During quarantine, I’ve been working my way through another nutrition certification through Functional Diagnostic Nutrition (FDN). A big part of the program is being able to incorporate lab testing with clients to help identify hidden stressors and look for healing opportunities, which I am so excited to be able to do!
One of the main tests you can do with clients is the Mediator Release Test, or MRT, which is a food sensitivity test that tests 170 different foods and food chemicals. No test is 100% foolproof, but in terms of accuracy and specificity, the MRT is basically the gold standard.
Earlier this month, I was able to access a test for myself through FDN.
Why I Did the MRT
Since I’m eating many of the same foods over and over, mostly grass-fed beef, pastured pork, pastured chicken, wild-caught salmon, pastured bacon, turkey, organ meats in the form of capsules, plus a little black tea, decaf coffee, and 100% chocolate to slow oxalate dumping, I was really curious to see if carnivore would cause me to become sensitive to any those foods.
It had been 5 and 7 years since my last two food sensitivity tests, so I knew it was time to re-test, since food sensitivities change over time.
I was also curious to see if there was any change in foods that had been “highly reactive” for me before, especially dairy or eggs, since I had completely removed them for my diet for 4 months.
Lastly, I wanted to know which plant foods were least reactive (i.e. most safe) for me should I ever decide to occasionally have some non-carnivore foods.
How the MRT Works
Unlike finger-stick IgG tests, with the MRT, you don’t have to have been eating a certain food for it to show up as a sensitivity. With IgG tests, you’re essentially measuring the “soldiers” your body has created to fight that specific food. If it hasn’t been a regular part of your diet, you could be sensitive to something but it won’t show up on your test.
Because of this, I knew the MRT would be a better option for me: having been on a carnivore diet, I’m already eliminating most foods anyway, and if the test isn’t accurate, there’d be no point in doing it.
The Mediator Release Test comes in a little kit with four vials, a shipping bag, and instructions; you get the blood drawn and then they mail it off to the lab.

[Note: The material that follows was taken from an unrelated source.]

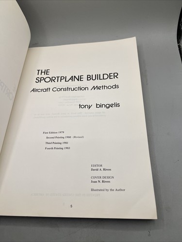 The Sportplane Builder: Aircraft - Paperback, by Tony Bingelis Vintage 1979

The test measures the volumetric change in your blood when presented with a certain food as a way of seeing how much “ammunition” your white blood cells sent out to fight a perceived “bad guy”.
If there’s a lot of change, it means the white blood cells released a bunch of their “ammunition” and it’s considered a strong reaction, and if there’s a moderate change, it indicates a moderate reaction to that food. If little to no change, it’s consider low or no reaction.
What to Do After Your Food Sensitivity Test
It’s recommended that you completely remove the foods that are “red” or “yellow” (high or moderate reactivity) for 90 days. Even a little can re-engage and anger the immune system again!
Because of the ways our bodies work, the number and severity of reactive foods will change all the time, so it’s a good idea to test regularly. In fact, I’m considering doing a food sensitivity test for myself yearly as part of an annual self-checkup, possibly moving to bi-annual or even every 90 days as I can afford it.
A caveat I learned in my training is that if you’ve tested sensitive for something before but it doesn’t show on a recent test, you should still proceed with caution.
As you’ll see in a bit, this is part of why I’m not going to reintroduce some foods I’m seemingly no longer sensitive to.
- Cane sugar
- Cottage cheese
- Red #3
- Sweet potato
My Observations & Plans Going Forward
- It’s really fascinating to observe this test and correlate with my own experience. Ibuprofen has always given me gastrointestinal pain, cheddar cheese gives me a screaming headache, and I’ve suspected that oats might be cross-reactive with gluten for me.
- Since cane sugar is highly reactive, I’m going to have to be extra careful with bacon, sausages, or other products that might occasionally contain sugar. Applegate has a no-sugar bacon, so I guess that’s going to be my best friend now.
- Since I am doing some spices and herbs, I’ll obviously have to be careful to read ingredients on spice mixes for basil or tomato.
- I was really excited to see that dairy (except for cottage cheese and cheddar cheese), eggs, and coffee were no longer on the list like they were in past food tests! But, while I joked on social media that “food sensitivity test just came back and seems eggs and dairy are okay now, so excuse me while I go lie in a bathtub full of scrambled eggs cooked in butter and sip heavy cream out of a martini glass”, the reality is that I’m not going to reintroduce eggs or dairy for a few more months. My body still has some healing to do, and I don’t want to throw in any potentially inflammatory foods while I’m still in that process. I also can NEVER moderate dairy, so that may be something I have to leave out for a long time, or possibly indefinitely.
My plan now is to completely remove these foods for at least 90 days, and see if that helps improve some issues that are still resolving. I’ll report back!